• [EXERCISE DETAILS]:
Each entry is to be given again precisely, and no picture may be carried over.
....
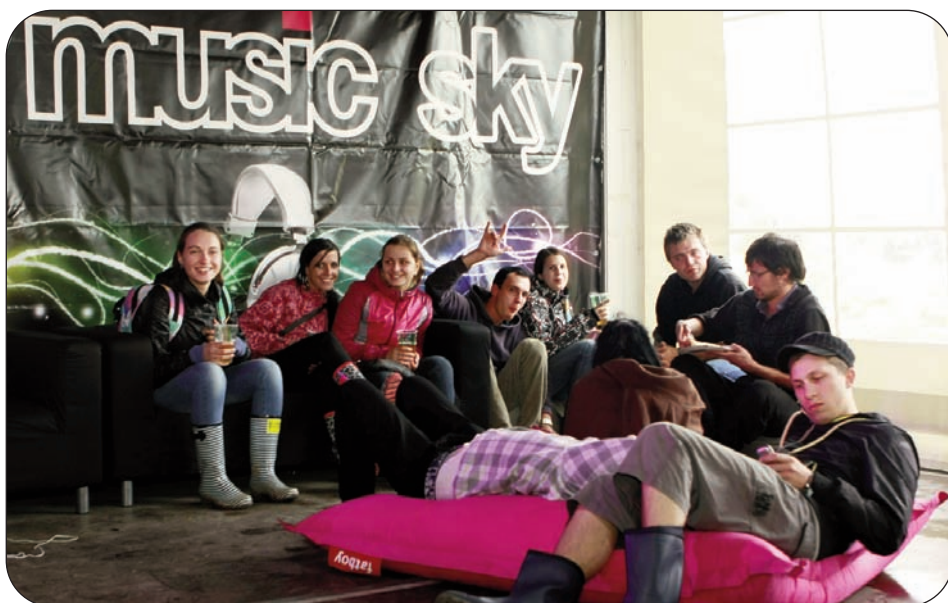
Zábavy je všude dost, zejména v T-Music Sky.
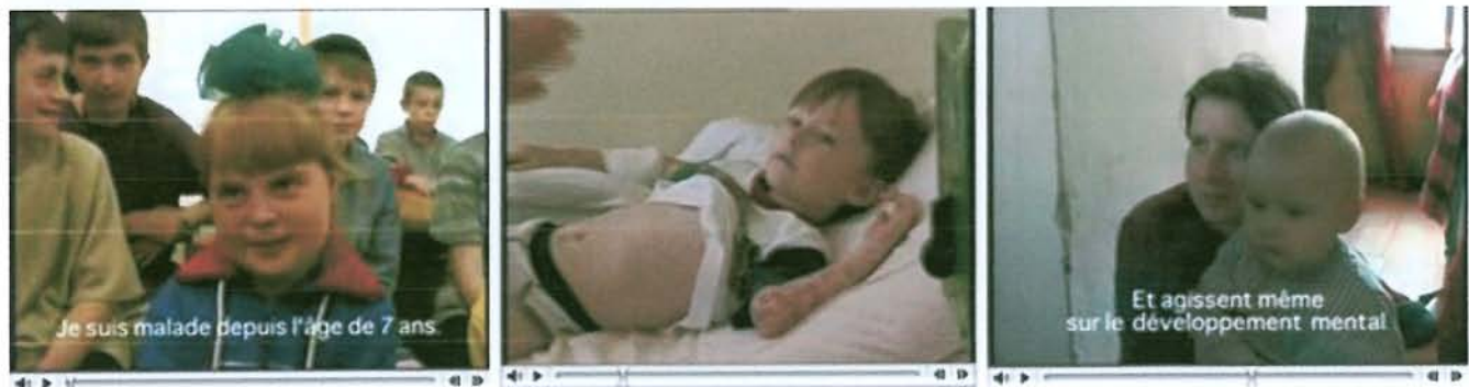
Images du film
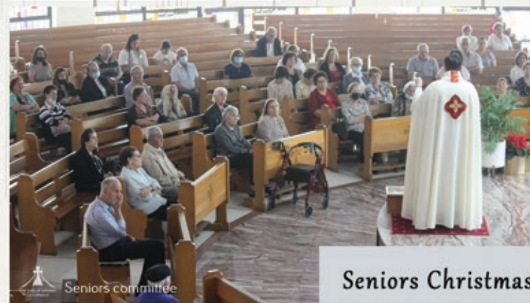
Seniors Christmas Mass & Christmas Party
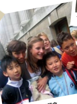
到達觀光地點拍照留念
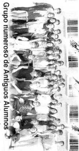
Grupo numeroso de Antiguos Alumnos recientes, que vinieron a por el chupón
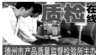
德州市产品质量监督检验所主办

近年来,古贝春集团积极培育产业生态文化,培养爱护自然、循环再生的生态意识和生态行为,引导企业的活动方式和产品功能向产品绿色化、服务人性化、环境友好化转变,树立绿色企业的生态、文化形象,打造了一个和谐优美的生态园区。
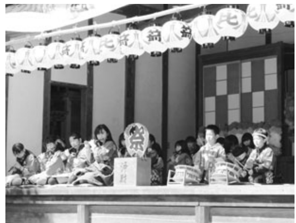
ばやし 矢口地区の祭り囃子

あなたは写っていませんか。もし写ってれば、写真をおわけしますので連絡ください。 政策協働課 ☎(48)1111(内303)
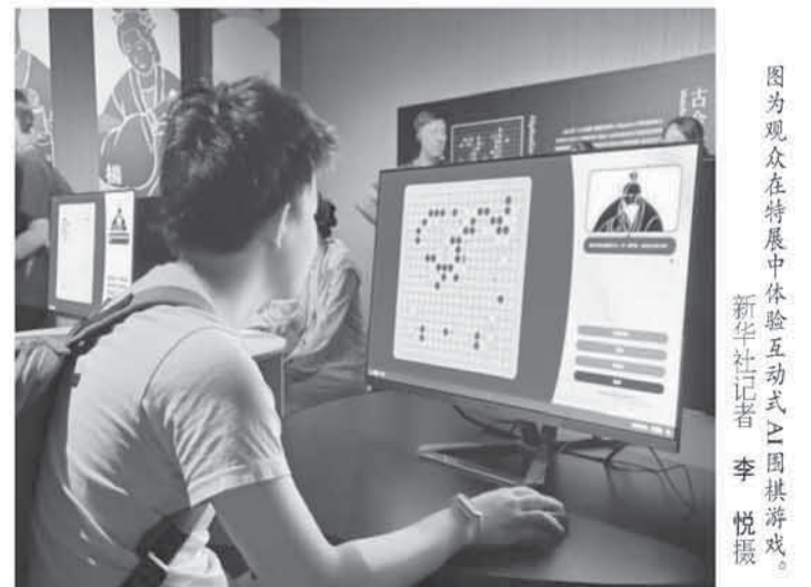
图为观众在特展中体验互动式之围棋游戏。
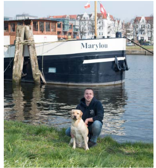
Ihr Kapitän mit Hund und Schiff
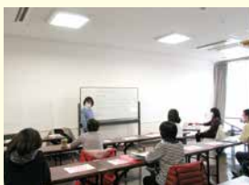
春夏・日本人講師による超入門の英会話
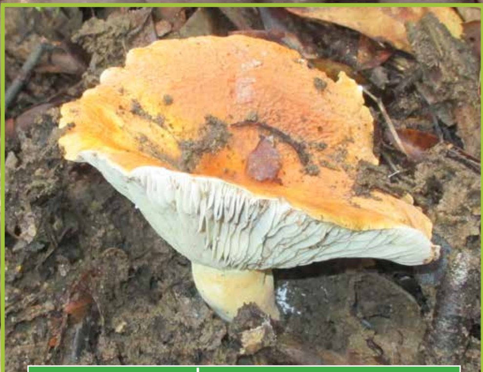
ເຫັດຄຳ ( Lactarius sp. )
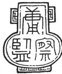
図2 朝倉義景 「庸察監」 『書の日本史(第9巻) 古文書入門 花押・印章総覧・総索引』一九七 六年 平凡社
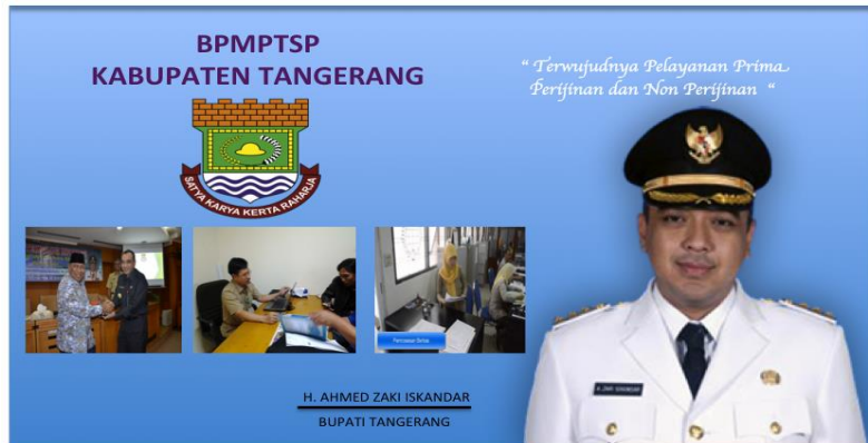
Gambar 5. Desain Media Baiho Badan Pelayanan Modal dan Terpadu.
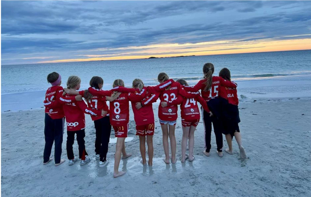
Kveldsbad og mat på Blimsanden
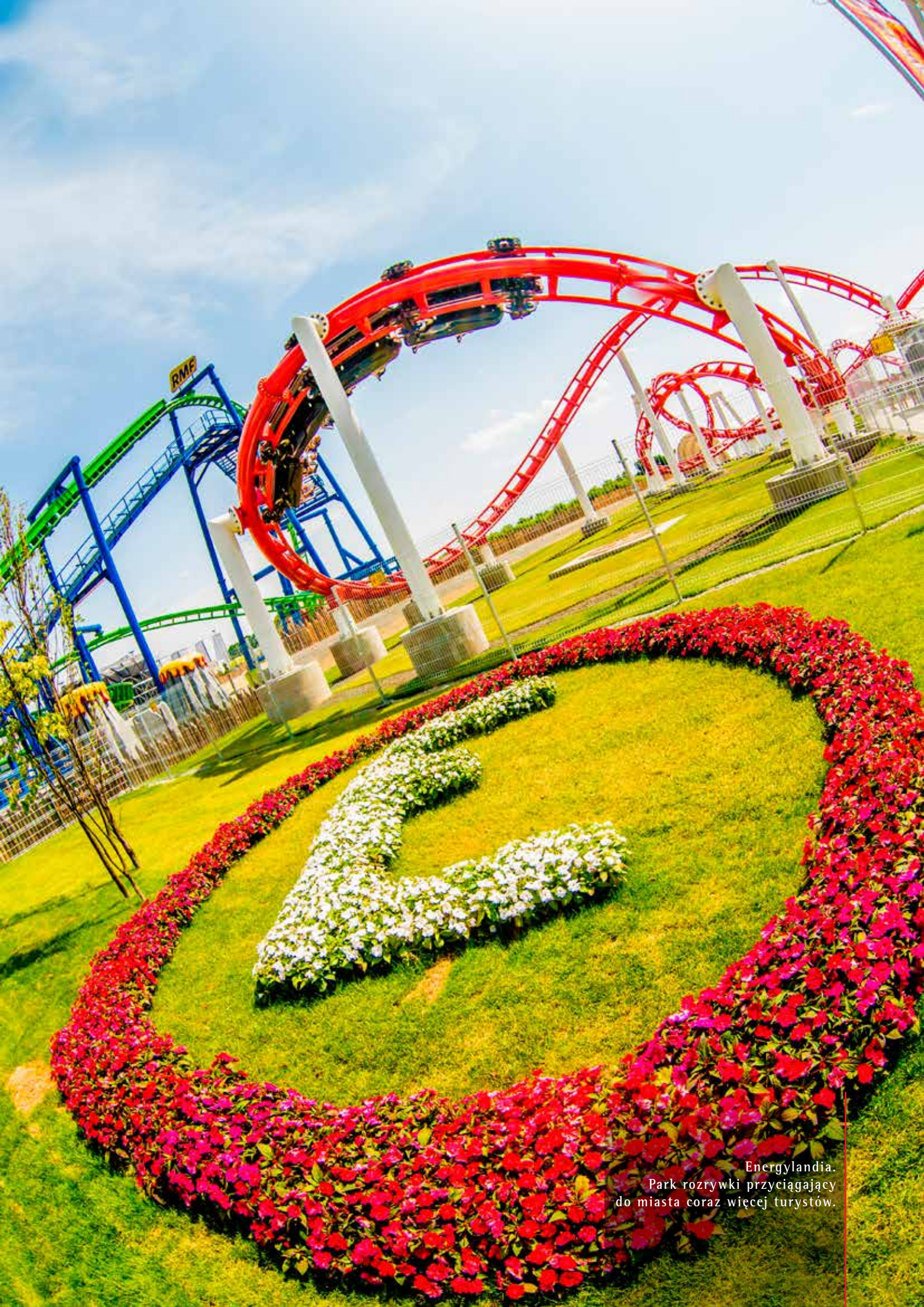
Energylandia. Park rozrywki przyciągający do miasta coraz więcej turystów.
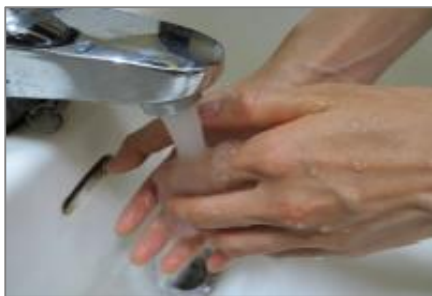
①水で汚れを洗い流す
....
• [ANSWER BELOW]:
Zábavy je všude dost, zejména v T-Music Sky.
Images du film
Seniors Christmas Mass & Christmas Party
到達觀光地點拍照留念
Grupo numeroso de Antiguos Alumnos recientes, que vinieron a por el chupón
德州市产品质量监督检验所主办

近年来,古贝春集团积极培育产业生态文化,培养爱护自然、循环再生的生态意识和生态行为,引导企业的活动方式和产品功能向产品绿色化、服务人性化、环境友好化转变,树立绿色企业的生态、文化形象,打造了一个和谐优美的生态园区。
ばやし 矢口地区の祭り囃子

あなたは写っていませんか。もし写ってれば、写真をおわけしますので連絡ください。 政策協働課 ☎(48)1111(内303)
图为观众在特展中体验互动式之围棋游戏。
Ihr Kapitän mit Hund und Schiff
春夏・日本人講師による超入門の英会話
ເຫັດຄຳ ( Lactarius sp. )
図2 朝倉義景 「庸察監」 『書の日本史(第9巻) 古文書入門 花押・印章総覧・総索引』一九七 六年 平凡社
Gambar 5. Desain Media Baiho Badan Pelayanan Modal dan Terpadu.
Kveldsbad og mat på Blimsanden
Energylandia. Park rozrywki przyciągający do miasta coraz więcej turystów.
①水で汚れを洗い流す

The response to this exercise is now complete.